Petronella Wyatt

Amalfi: This blessed plot

The intoxicating beauty of the Amalfi coast has inspired conspicuous artistic achievements, and a legacy of sensuality. <em>Petronella Wyatt </em>knows why

issue 29 December 2012

This is not an article about hedonism. Oh, no. The Amalfi coast may be the favoured historical playground of the bad and the beautiful — from Tiberius to Sophia Loren and Gwyneth Paltrow — but my theme is one of culture. What is it about this rocky stretch of southwest Italy that has drawn such disparate artistes as Wagner, D.H. Lawrence, Turner, John Steinbeck and Gore Vidal? Oh, heck, you win. Let’s have some hedonism first.

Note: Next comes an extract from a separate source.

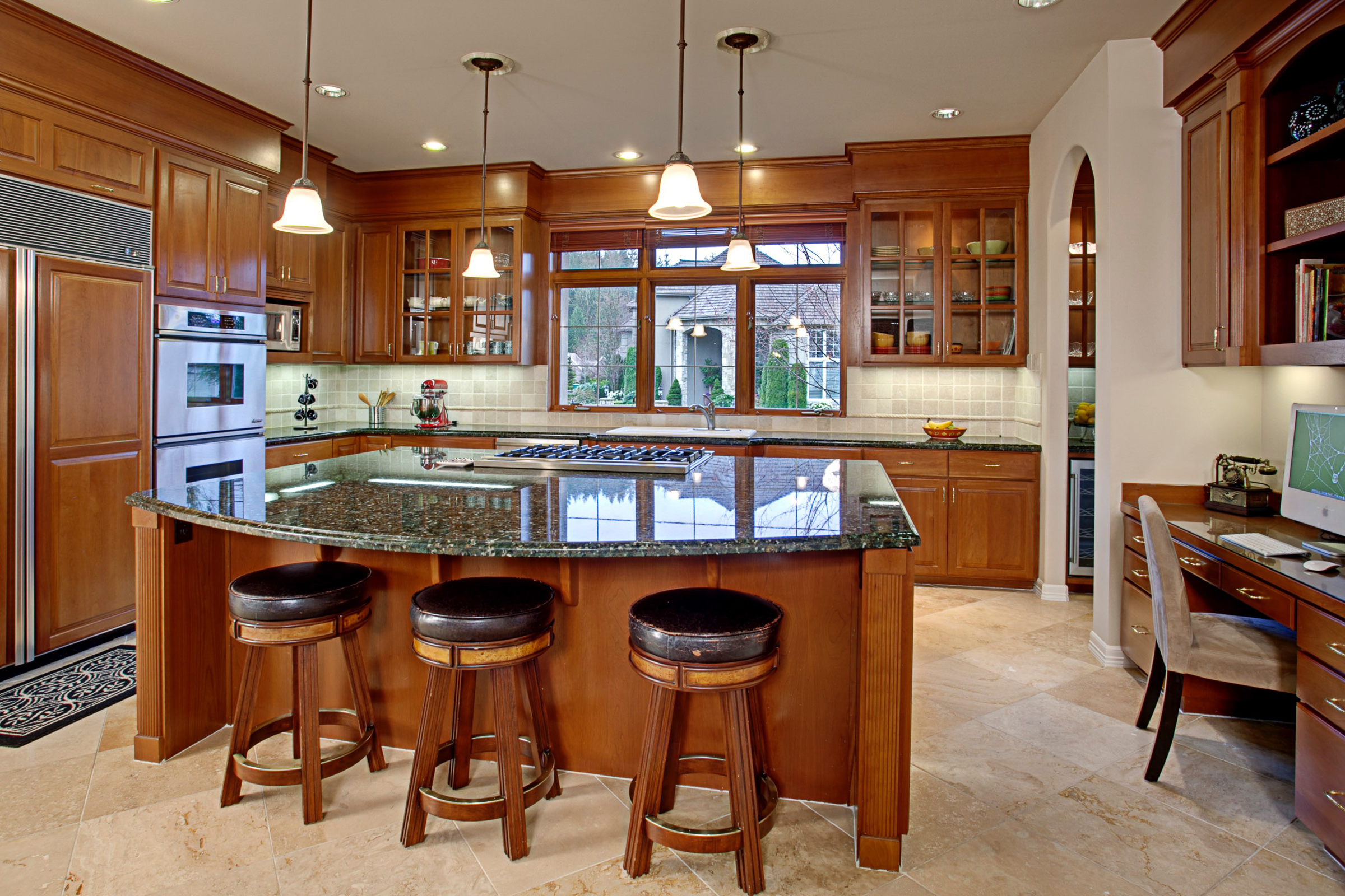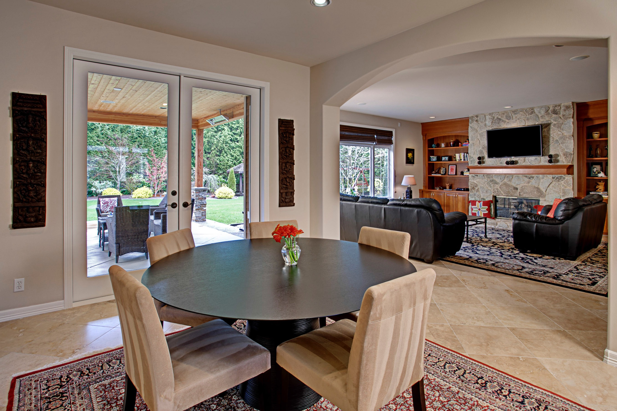 Expansive living spaces, a chef’s kitchen, and elegant entertaining areas open to a resort-style outdoor setting complete with covered dining patio, fire pit, and mature gardens.

I am sitting, bubbling nicely, in a Jacuzzi that, through the picture window beside it, looks over the town as it runs down to the sea. The Jacuzzi, in my marbled bathroom in Positano’s Le Sirenuse hotel, comes with an underwater HD screen and a bottle of champagne, or rather the room does — perhaps to console one for having to remortage the house to pay the bill.

It is quite a Jacuzzi. Around me are the emerald hills of Positano, its brightly coloured little houses and shops full of Bulgari trinkets, gleaming like gems set in the silver of the waves below. In the distance, a sinuous island rises from the water resembling a woman with three breasts. As Aristotle Onassis once remarked, ‘If you take a woman to the Amalfi coast and fail to seduce her, you are not a man at all.’

But what’s a girl like me doing in a Jacuzzi like this? Researching the cultural legacy of the coast. Or that’s my excuse. Forget five-star hotels, homemade tagliolini and all those bella figuras — including Jackie Kennedy, Paul Newman, Madonna and Miss Loren (who has a villa here) — who have walked the cobbled streets. What interests me is why men of genius were drawn here like iron filings to a magnet. It can’t have been Jacuzzis.

The unique feature of the Amalfi coast is its unadulterated natural beauty, honed, but unspoiled, by the touch of man: it is illegal to build here.